Swedish illustrator and children's writer

Emma Adbåge (born 1982) is a Swedish illustrator and children's writer. In addition to illustrating her own books, she contributes to works by other authors while also taking on commissions from educational publishers. In 2013, she was awarded the Elsa Beskow Plaque for her illustrated Lenis Olle and other works for children.

==Biography==
Born in 1982 in Linköping, Adbåge is the twin sister of Lisen Adbåge, who is also an illustrator, cartoonist and writer. After completing high school in Mjölby, they both studied illustration at the Cartoonist School in Hofors. By the time they were 21, they had each illustrated several books by various authors. She illustrated the debut book of Mårten Melin, Mera glass i däcken.

In 2011, for her book Leni är ett sockerhjärta (Leni is a Honeybun), Adbåge won the Silver Award for Illustration in the "Kolla!" competition arranged by the Association of Swedish Illustrators and Graphic Designers.

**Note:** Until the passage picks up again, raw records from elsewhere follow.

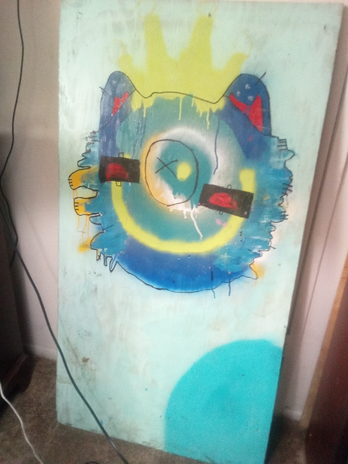 A vertically oriented, painted wooden panel, approximately door-sized, displays a multi-color graffiti-style artwork. The artwork features a stylized, blue and yellow character with a jagged yellow crown, two rectangular black and red 'eyes,' a central yellow spray-painted circle, and two yellow paw-like appendages on the left. Black outlines and paint drips are visible. A separate, large turquoise spray-painted semi-circle occupies the lower right section of the panel. The panel is positioned indoors, leaning against a light-colored wall, and rests on a light-colored floor. A dark brown furniture item is partially visible on the left, and a lighter brown vertical object is on the far right. Black and white electrical cables traverse the lower-left foreground. No specific identifying features within the image indicate a precise location within the city of Los Angeles, United States.
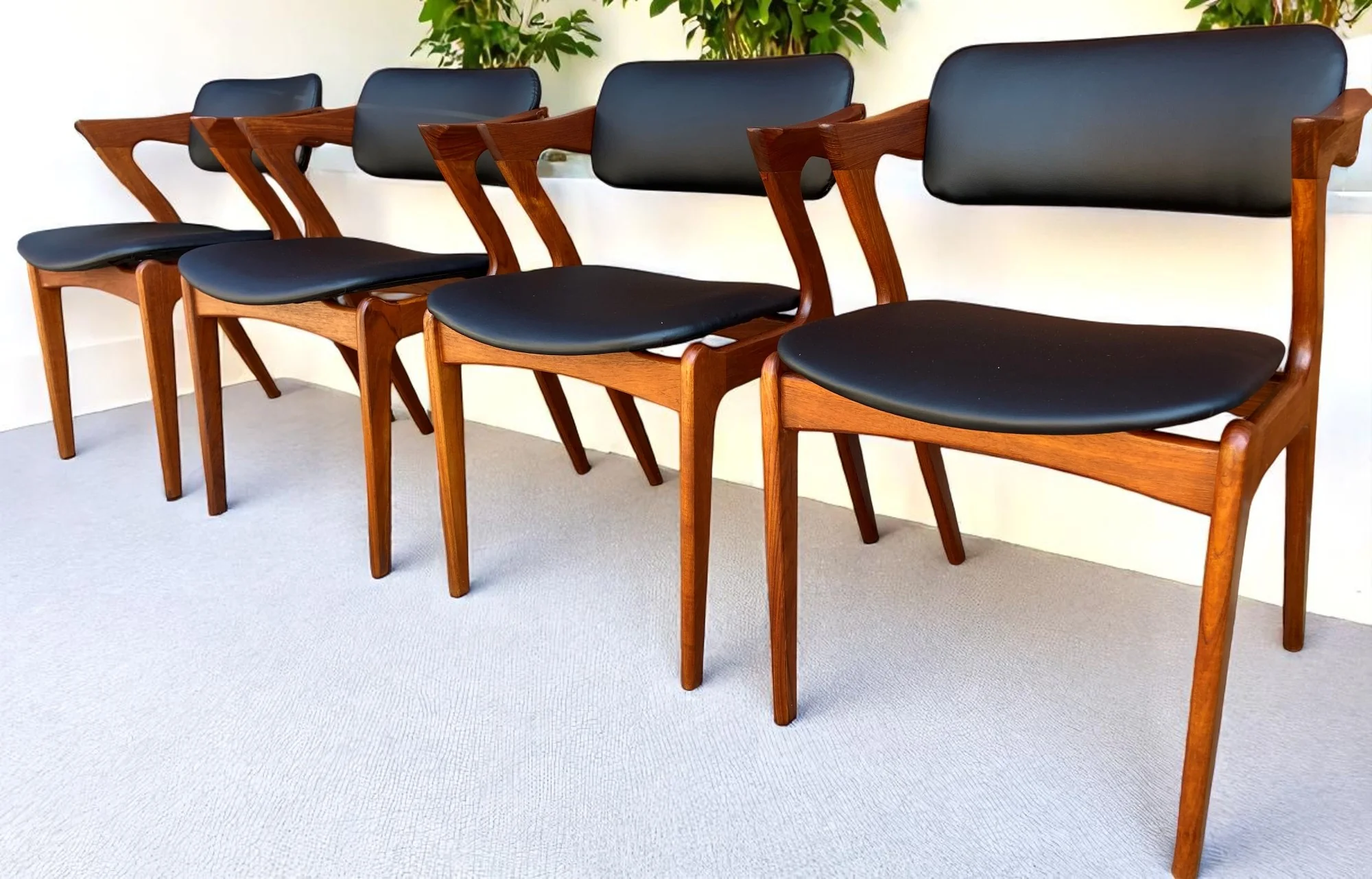 The chairs have been completely taken apart, their teak frames have been stripped, sanded and refinished to like new condition and assembled and re-glued again; we also got them professionally reupholstered in a black leather look material.
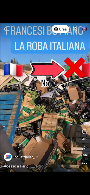 I francesi, invece di essere uniti con gli italiani per opporsi al Nuovo Ordine Mondiale voluto dalle élite, respingono i prodotti italiani. E così, i poteri nazi-satanici hanno successo nel metterci uno contro l'altro sia all'interno di una nazione sia tra nazione e nazione e perfino anche tra coloro che vanno nelle piazze e nelle strade per protestare contro le ingiustizie da parte del sistema capitalista comandato dalle élite. I contadini dai paesi europei come Francia, Germania e Italia dovrebbero esser tutti uniti, non tanto contro le importazioni di prodotti di qualità e già stimati da parte dei popoli in altri paesi, ma, dovrebbero essere uniti soprattutto contro le importazioni inutili e di prodotti geneticamente modificati e/o di bassa qualità da altri continenti e ancor più contro la imposizione graduale dell'UE affinché smettiamo del tutto di mangiare carne, pesce, latte e suoi derivati, olio d'oliva, buon vino, ecc. e cominciamo sempre più a nutrirci con insetti eventualmente pure geneticamente modificati ed eventualmente con altri prodotti industriali al quanto discutibili e dietro i quali può esserci lo zampino di fenomeni come Bill Gates. Disuniti ci si fa la guerra e ci si danneggia l'un l'altro ma se si fosse stati più uniti e di più si avrebbe avuto molta più forza sia come cittadini sia come contadini e non solo.

It is the story of a little girl who initially thinks it would be interesting to act like an adult, but when she discovers all the work grown-ups have to do, she decides instead to become a baby.

Her Outdoor math: fun activities for every season (2016) has been published in English. It encourages five to eight-year-olds to learn maths by playing with objects they can find outside, such as measuring the length of a worm or building a snowman.

Adbåge's 2018 book Gropen received the August Prize in the children and young adult category. In 2021 she received Expressens Heffaklump, with Lisen Adbåge.